Almost everyone understands the power and reach of digital these days. Still, to see it mapped out, over the course of a breaking news event, is pretty amazing.
In the hours preceding President Obama’s address on the death of Osama bin Laden, online and broadcast speculation ranged from the predictably ridiculous to the surprisingly prescient. But on Twitter, one accurate tweet out of 4,000 tweets per second spread with stunning speed, triggering an explosion of retweets and responses.
As SocialFlow shows in a terrific study, Keith Urbahn, chief of staff at the office of Donald Rumsfeld, had the timing and authority to drive his tweet from his network of 1,000 followers into vastly larger networks, within minutes. “Keith Urbahn wasn’t the first to speculate bin Laden’s death,” SocialFlow notes. “But he was the one who gained the most trust from the network.”
It’s vital that communication professionals be able to accurately analyze and act on today’s rapidly changing influence ecosystem, and to intuitively understand how influence moves and spreads within it. Recognizing influence pathways and quickly optimizing them for clients is paramount to effective public relations. Often, the optimal influencers are not the usual suspects.
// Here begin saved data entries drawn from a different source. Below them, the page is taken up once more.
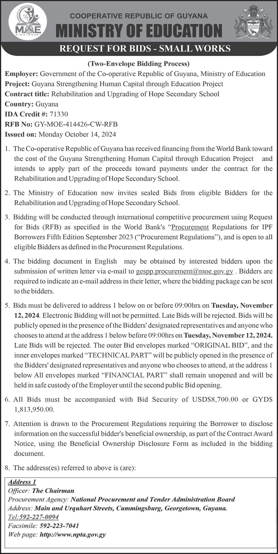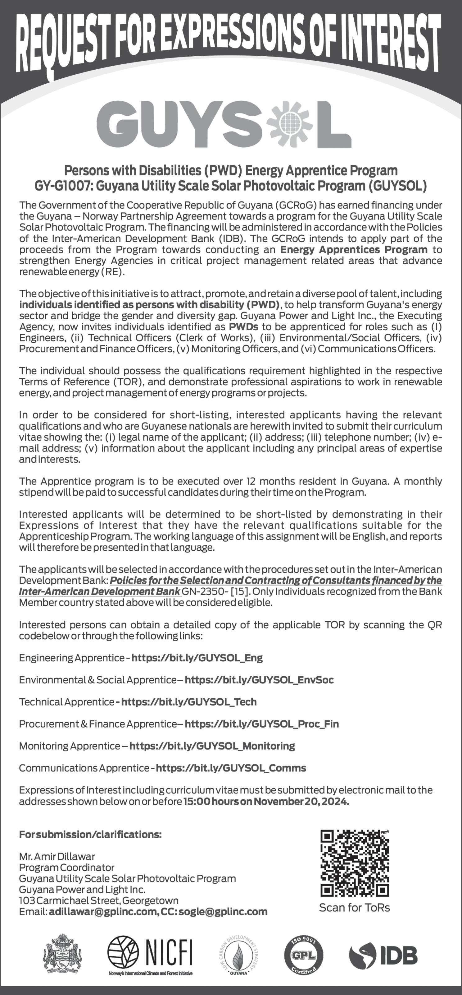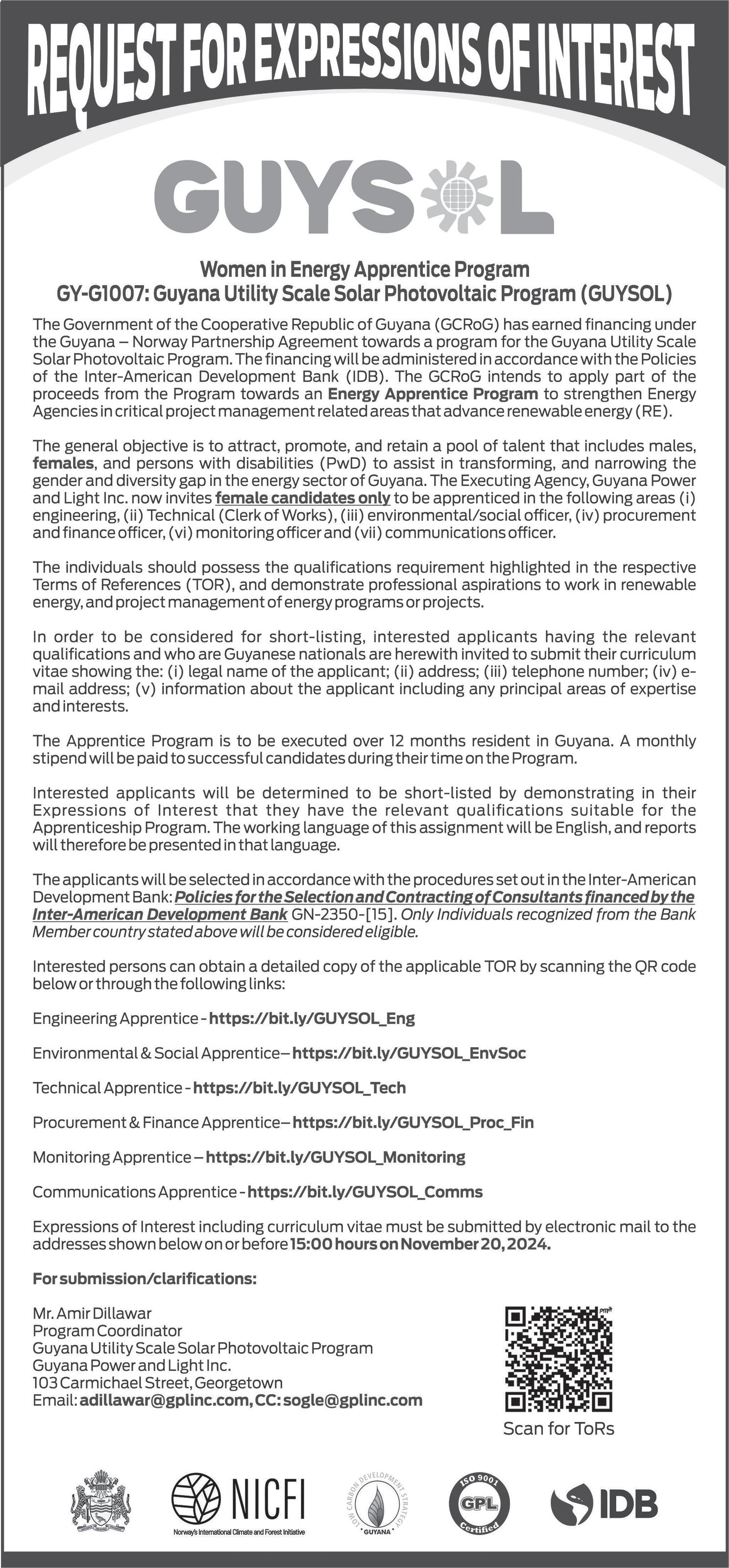 In 2024, the PPP Administration has made provisions for the expansion of training programmes offered for Caribbean Vocational Qualifications from 88 to 111 programmes. A new TVET policy for the medium term was also developed in the first half of 2024 to define and govern skills development systems for post-secondary, tertiary, formal, non-formal and informal sectors.
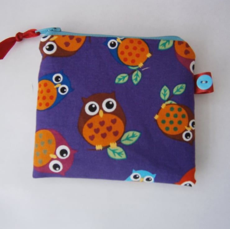 Pretty little owls printed fabric coin purse, perfect for your coins, notes and cards.
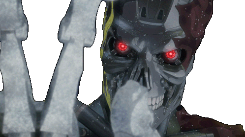 A menacing Terminator endoskeleton with glowing red eyes and a skeletal hand reaching out from the 'Terminator Zero' series.
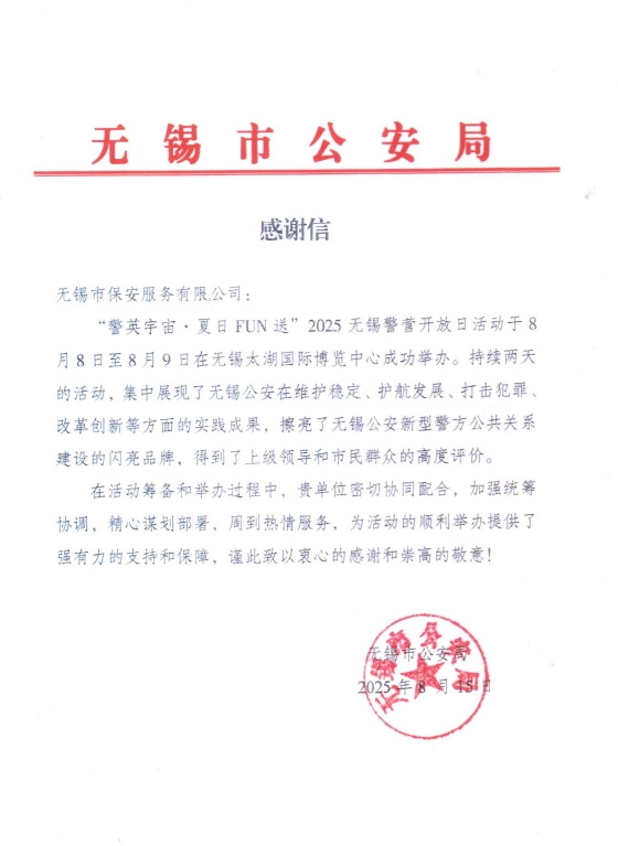 熱情服務(wù),彰顯擔(dān)當(dāng) ——公司獲無錫市公安局感謝信
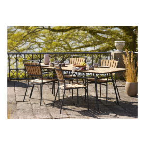 Cleveland Matbord, teakbordsskiva, naturfärgad, svarta ben, 90x220x74 cm
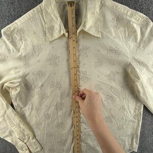 Armani Exchange Women Long Sleeve Button Up Shirt Floral Large Ivory Point
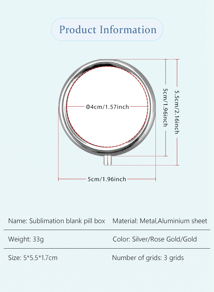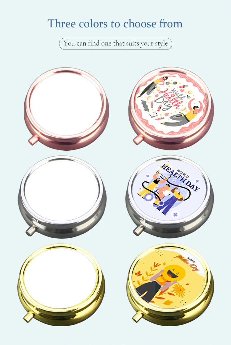 Sublimation 3 Grids Pill Box Custom Heat Transfer Metal Pill Box - Personalized Medication Organizer for Bulk Orders & Promotional Gifts
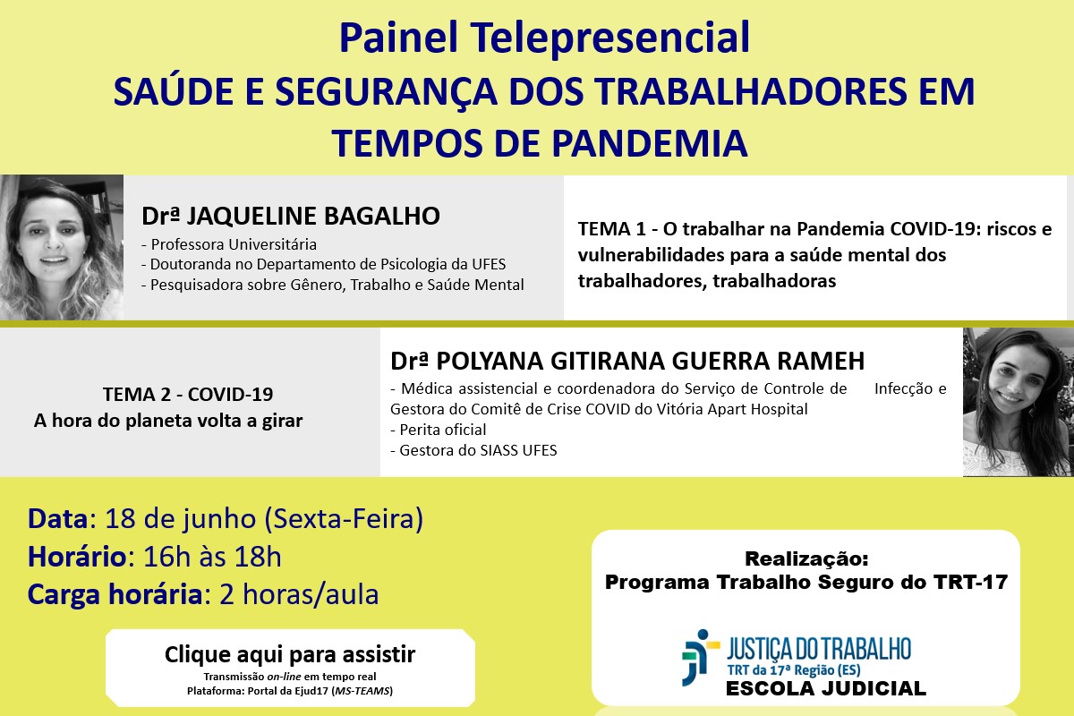A Escola Judicial do TRT da 17ª Região convida para participar do Painel Telepresencial,abordando o tema "Saúde e Segurança dos Trabalhadores em tempos de Pandemia", que ocorrerá no dia 18 de junho (sexta-Feira), das 16h às 18h, com carga horária de 2 horas, o painel será ministrado por Drª Jaqueline Bagalho e Drª Polyana Gitirana Guerra Rameh.
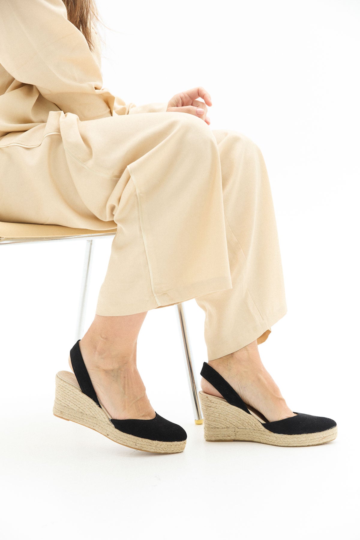Alpargata cuña baja en piel serraje negrao - 7 cm
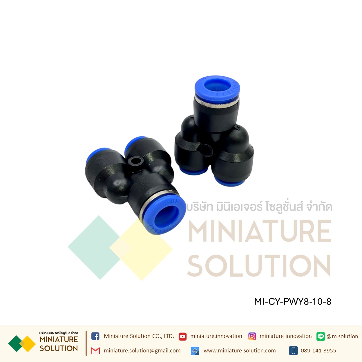 ข้อต่อลม 3ทาง (Y) ลด ท่อ ข้อต่อลม 3 ทาง ข้อต่อลมนิวเมติกส์ข ทรง Y ฟิตติ้งลมสามทาง ใช้กับสายลม(PWY8-10-8)
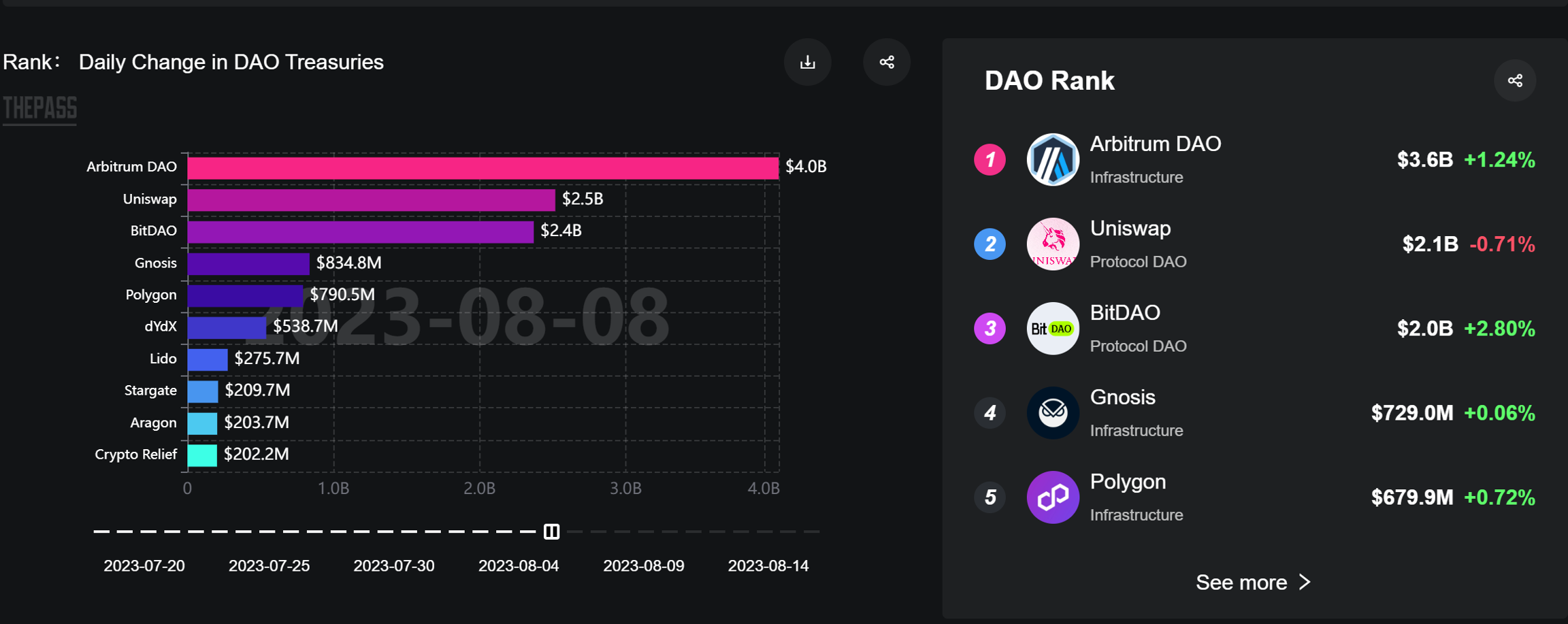 24시간 변동 랭킹: 최근 24시간 동안 금고 가치의 변동률을 기준으로 DAO를 정렬합니다. 실시간으로 높은 변동성이나 빠르게 성장 중인 DAO를 식별할 수 있습니다.

Public relations used to be primarily about access. Today, success is less contingent upon being gatekeepers to mainstream media—or digital media, for that matter—and more about being highly effective and responsive guides, leading clients to areas and outlets where they can have effective and influential interactions with the people who matter most to them. As we continue to witness, the influencer ecosystem is extraordinarily dynamic. To drive success for clients, we must be as well.